Wang Ariel, Seeley Anna E, Sydes Matthew R, Jones Nicholas, de Lusignan Simon, Hobbs Fd Richard, McManus Richard J, Williams Marney, Sheppard James P
Nuffield Department of Primary Care Health Sciences, University of Oxford, Radcliffe Primary Care Building, Radcliffe Observatory Quarter, Oxford, OX2 6GG, UK.
Data for R&D, Transformation Directorate, NHS England, London, UK.
BMC Med Res Methodol. 2025 Jun 7;25(1):156. doi: 10.1186/s12874-025-02606-1.
Whilst interest in efficient trial design has grown with the use of electronic health records (EHRs) to collect trial outcomes, practical challenges remain. Commonly raised concerns often revolve around data availability, data quality and issues with data validation. This study aimed to assess the agreement between data collected on clinical trial participants from different sources to provide empirical evidence on the utility of EHRs for follow-up in randomised controlled trials (RCTs).
This retrospective, participant-level data utility comparison study was undertaken using data collected as part of a UK primary care-based, randomised controlled trial (OPTiMISE). The primary outcome measure was the recording of all-cause hospitalisation or mortality within 3 years post-randomisation and was assessed across (1) Coded primary care data; (2) Coded-plus-free-text primary care data; and (3) Coded secondary care and mortality data. Agreement levels across data sources were assessed using Fleiss' Kappa (K). Kappa statistics were interpreted using an established framework, categorising agreement strength as follows: <0 (poor), 0.00-0.20 (slight), 0.21-0.40 (fair), 0.41-0.60 (moderate), 0.61-0.80 (substantial), and 0.81-1.00 (almost perfect) agreement. The impact of using different data sources to determine trial outcomes was assessed by replicating the trial's original analyses.
Almost perfect agreement was observed for mortality outcome across the three data sources (K = 0.94, 95%CI 0.91-0.98). Fair agreement (weak consistency) was observed for hospitalisation outcomes, including all-cause hospitalisation or mortality (K = 0.35, 95%CI 0.28-0.42), emergency hospitalisation (K = 0.39, 95%CI 0.33-0.46), and hospitalisation or mortality due to cardiovascular disease (K = 0.32, 95%CI 0.19-0.45). The overall trial results remained consistent across data sources for the primary outcome, albeit with varying precision.
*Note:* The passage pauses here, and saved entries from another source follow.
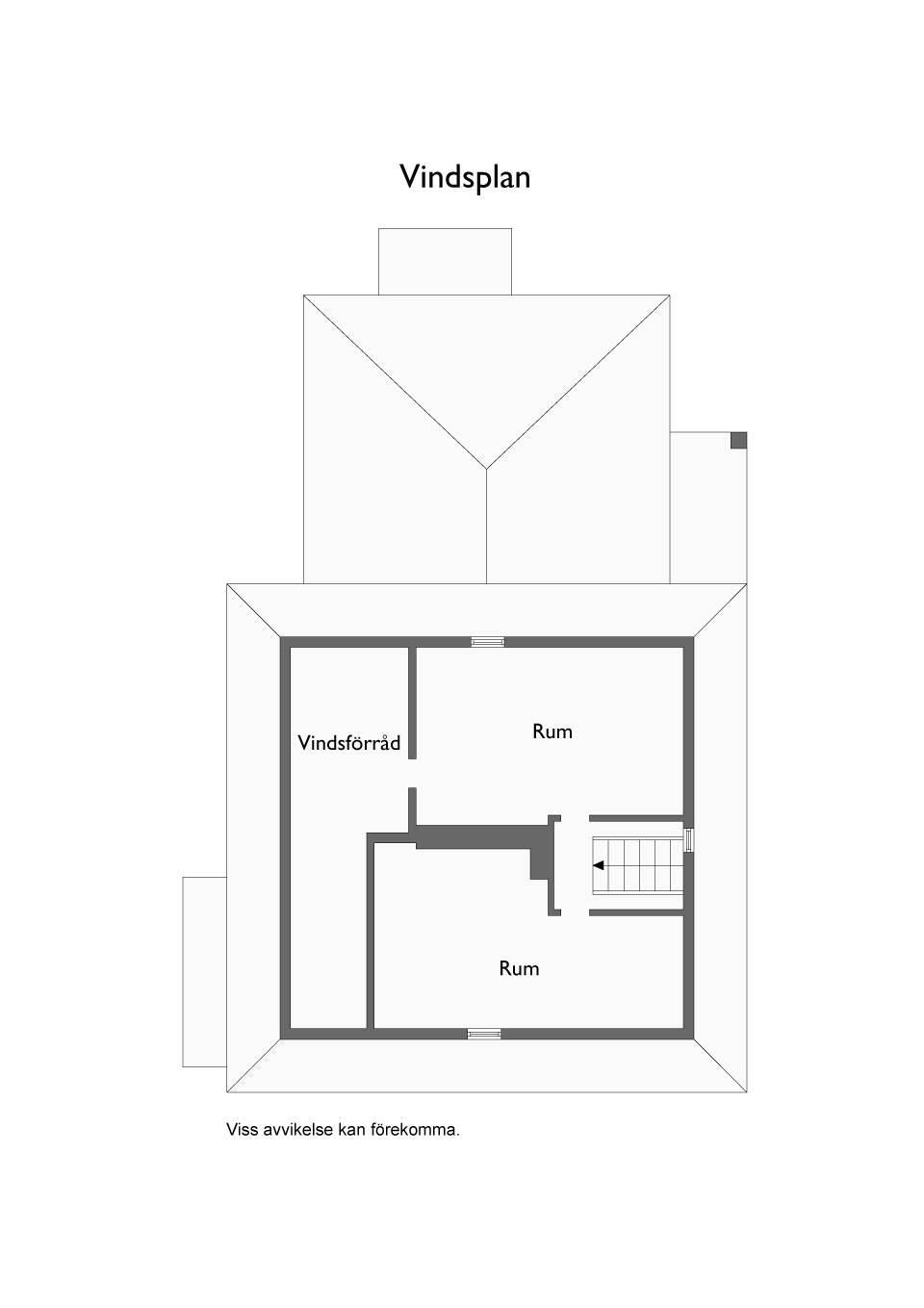 Vindsplan: Trätrappa leder upp till rymligt vindsplan med två inredda rum med takfönster. Rummen kan användas som arbetsrum och sovrum. Innanför arbetsrummet finns en isolerad förvaringsvind. Via lucka nås den övre oisolerade vinden och skorstenen.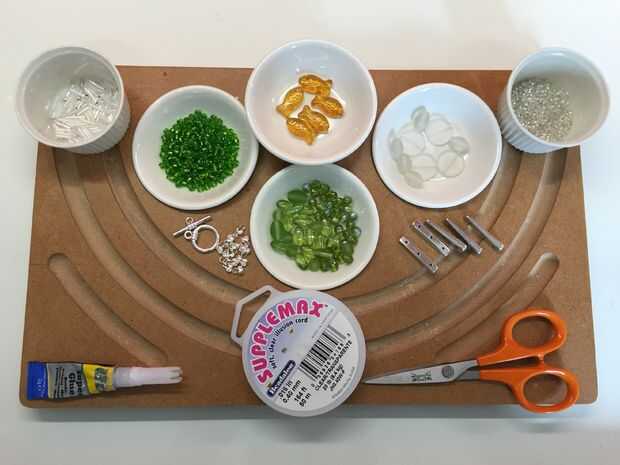 Granos - usé 4 goldfish y surtido cristal verde y perlas de vidrio claro/heló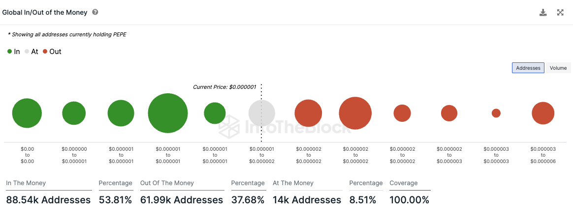 Die On-Chain Daten von IntoTheBlock geben interessante Einblicke in den Pepe Coin (PEPE). So befinden sich tatsächlich mehr als die Hälfte der Adressen im Plus.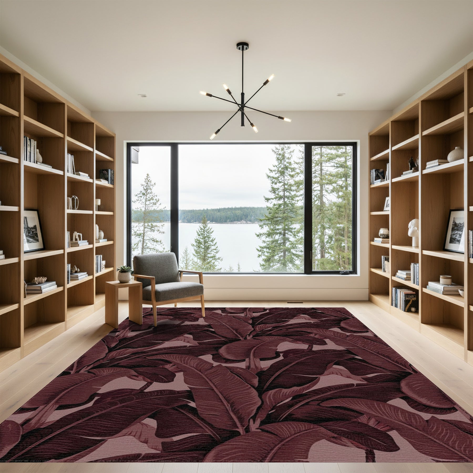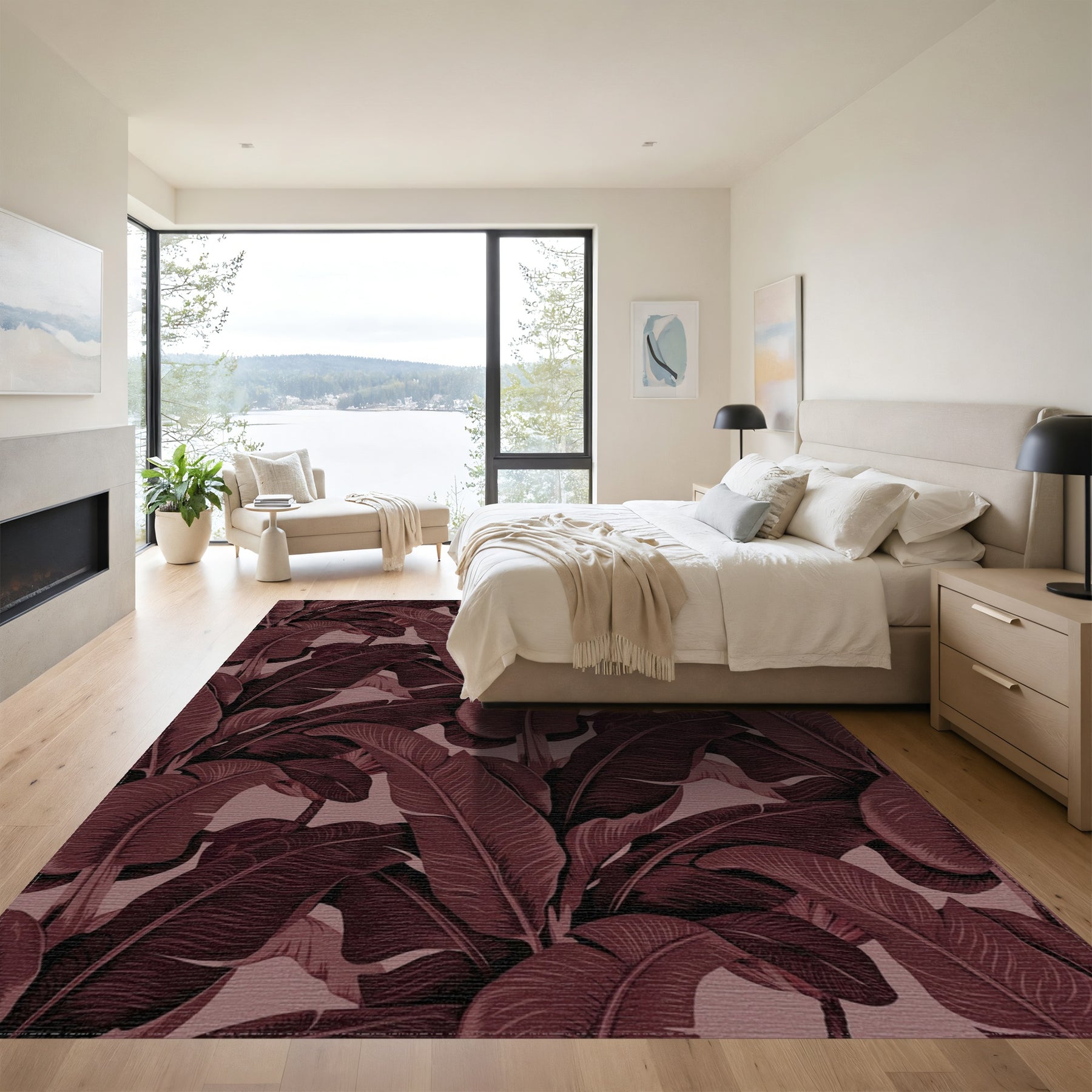 Flatwoven High Traffic Area Rug, Deep Maroon Tropical Banana Leaf Rug, Non Slip, Stain Resistant, Washable Area Rugs for Living Room, Bedroom Overview: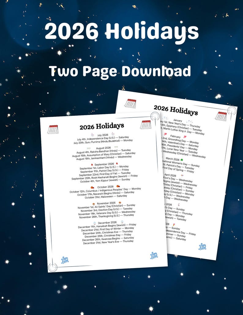 2026 Holiday Calendar Printable: US National Holidays (digital Download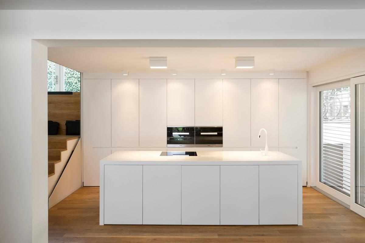 Hinter den Fronten verstecken sich Kaffeemaschine, Toaster und Kochbücher, Gläser, Teller und sonstige Küchenutensilien. Gefertigt hat die Einbauten die Schreinerei MTB aus Edingen, mit der das Team von Mo+ Architekten häufig zusammenarbeitet.

Significant discrepancies according to data sources were observed in recording of secondary care outcomes. Investigators should be cautious when choosing which data source(s) to use to measure outcomes in trials. Future work on linking participant-level data across healthcare settings should consider the variations in diagnostic coding practices. Standardised definitions for outcome measures when using healthcare systems data and using data from different data sources for cross-checking and verification should be encouraged.
随着利用电子健康记录(EHRs)收集试验结果,人们对高效试验设计的兴趣日益浓厚,但实际挑战依然存在。常见的担忧往往围绕数据可用性、数据质量以及数据验证问题。本研究旨在评估从不同来源收集的关于临床试验参与者的数据之间的一致性,以提供关于EHRs在随机对照试验(RCTs)随访中效用的实证证据。
本回顾性、参与者层面的数据效用比较研究使用了作为一项基于英国初级保健的随机对照试验(OPTiMISE)一部分收集的数据。主要结局指标是随机分组后3年内全因住院或死亡的记录,并在以下方面进行评估:(1)编码的初级保健数据;(2)编码加自由文本的初级保健数据;以及(3)编码的二级保健和死亡数据。使用Fleiss' Kappa(K)评估各数据源之间的一致性水平。Kappa统计量采用既定框架进行解释,将一致性强度分类如下:<0(差)、0.00 - 0.20(轻微)、0.21 - 0.40(一般)、0.41 - 0.60(中等)、0.61 - 0.80(实质性)和0.81 - 1.00(几乎完美)一致。通过重复试验的原始分析,评估使用不同数据源确定试验结果的影响。
在三个数据源中观察到死亡结局几乎完美一致(K = 0.94,95%CI 0.91 - 0.98)。对于住院结局,包括全因住院或死亡(K = 0.35,95%CI 0.28 - 0.42)、急诊住院(K = 0.39,95%CI 0.33 - 0.46)以及心血管疾病导致的住院或死亡(K = 0.32,95%CI 0.19 - 0.45),观察到一般一致(一致性较弱)。尽管精度有所不同,但主要结局的总体试验结果在各数据源之间保持一致。
在二级保健结局记录方面,根据数据源观察到显著差异。研究人员在选择用于衡量试验结局的数据源时应谨慎。未来关于跨医疗环境链接参与者层面数据的工作应考虑诊断编码实践的差异。应鼓励在使用医疗系统数据时对结局指标采用标准化定义,并使用来自不同数据源的数据进行交叉核对和验证。